Relatos de la falsa vida serena
Siempre que voy a emprender un viaje pienso en Mercier y Camier, personajes de Samuel Beckett, dos amigos que deciden hacer un viaje que es poco menos que el viaje soñado por ambos y en mutua compañía, lo que redunda en el efecto previo de la ilusión compartida.
Se reúnen la mañana de autos, dejan sus bicicletas a la puerta del bar donde deciden desayunar (según la idiosincrasia de personajes de Beckett), se dejan enredar por una cháchara que debe tanto a la palabra sin control como a otros efluvios menos corrosivos y, al fin, nunca llegan a emprender el viaje.
Ya he referido antes –quizá repitiéndome– que el de Mercier y Camier me parece, con el de Ulises en su intención primigenia, uno de los viajes más excitantes a los que he asistido literariamente, pues, además de no incluir el retorno como precepto (el de Ulises parece, más allá de la aventura al límite de las tentaciones, el viaje de un regreso), refleja con precisión la esencia de cualquier acto o deseo, la expectativa de ese deseo, el magma bullicioso de la ilusión en estado puro.
Sin embargo, el poso que queda después de la lectura es inquietante y tiene mucho que ver con el desasosiego que provocan las cosas que pasan cuando, en apariencia, no pasa nada, los viajes que no se llevan a cabo, las palabras que no se pronuncian, las miradas que se proyectan sobre el azogue del espejo en que debían reflejarse.
Lo mismo que a estos les sucede a otros personajes de Beckett, Moloy, Malone, incluso los que esperan el advenimiento de Godot. Están inmóviles como si así fueran capaces de apresar y detener el tiempo, el flujo de la conciencia se hace cargo de su aparente desidia, nada tiene que pasar para que todo suceda, su actitud es desasosegante, el resultado terrible por lo que se dice y por lo que se calla. Ni el tiempo, indispensable en el desarrollo de cualquier discurso narrativo, en su generosa combustión, es capaz de tamizar la terrible clarividencia que esconden las palabras que no se pronuncian y los actos que no se llevan a cabo.

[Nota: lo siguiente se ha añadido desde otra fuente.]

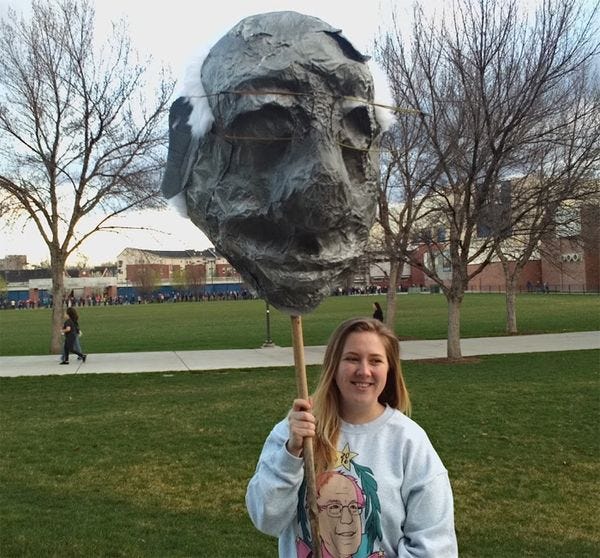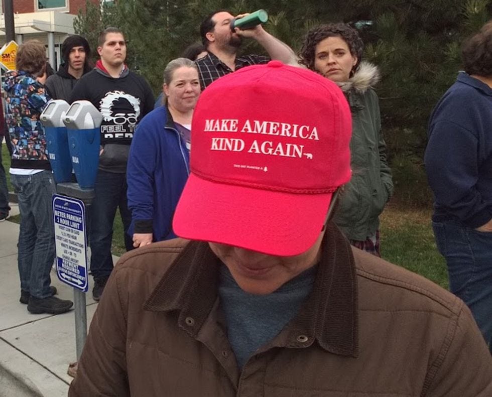 We also talked to a knot of college kids who were attending the rally together; they were all happy to be liberals in a red state, and to see Bernie in person. They've all been following the campaign fairly closely online, but none had heard of "Bernie Bros," which suggests maybe -- you might want to sit down for this -- the stuff the political internet obsesses over doesn't necessarily make it out into the wider world. Of the six, all said they planned to caucus for Bernie Tuesday except for the one seventeen-year-old, who was also the only one in the group who said that when it comes to the general election (which she will be old enough to vote in), she wouldn't vote for Hillary if she got the nomination. She said she'd go with the "red" candidate instead; we're fairly sure she meant "Green," but who are we to nitpick? Maybe Idaho has some hidden Reds out there?

En un encuentro mantenido recientemente con Álvaro del Amo y José María Merino y que tomará forma en el próximo número de LEER, Del Amo citó en varias ocasiones a Beckett y la falsa inmovilidad de sus personajes, la carga de profundidad que esconden sus silencios, las elipsis como dardos que se clavan en las conciencias y no dejan resquicio para la réplica.
Álvaro del Amo, a quien se identifica a bote pronto con el cine y el teatro, estrenó hace unos meses una adaptación al teatro de la película Amantes, de la que fue coguionista: otro ejemplo de que lo más atroz sucede cuando parece que el tiempo se detiene y las palabras empiezan a perder su poder de evocación.
Conocemos su condición de escritor polifacético que, además, cuenta en su haber con varias novelas, también algunas historias de variada extensión y difícil encuadre, y ahora nos sorprende con un libro de relatos, Crímenes ilustrados, (Menoscuarto), que deviene confirmación de las premisas estéticas del maestro irlandés.
En los relatos de Álvaro del Amo todo discurre dentro de una cotidiana monotonía, aparentemente no pasa nada, incluso se produce una especie de cortesía entre los personajes que comparecen ante lo que no sucede; pero la mínima chispa (un encuentro, el sueño de un tigre en el salón, un tornillo que no ajusta en las intenciones de un cadáver ambulante, la soprano que quiere interpretar su propia fatalidad) puede provocar un incendio imposible de apagar. A veces real, como sucede en la primera de las historias, a veces no; pero siempre terrible, ilustrada y educadamente terrible.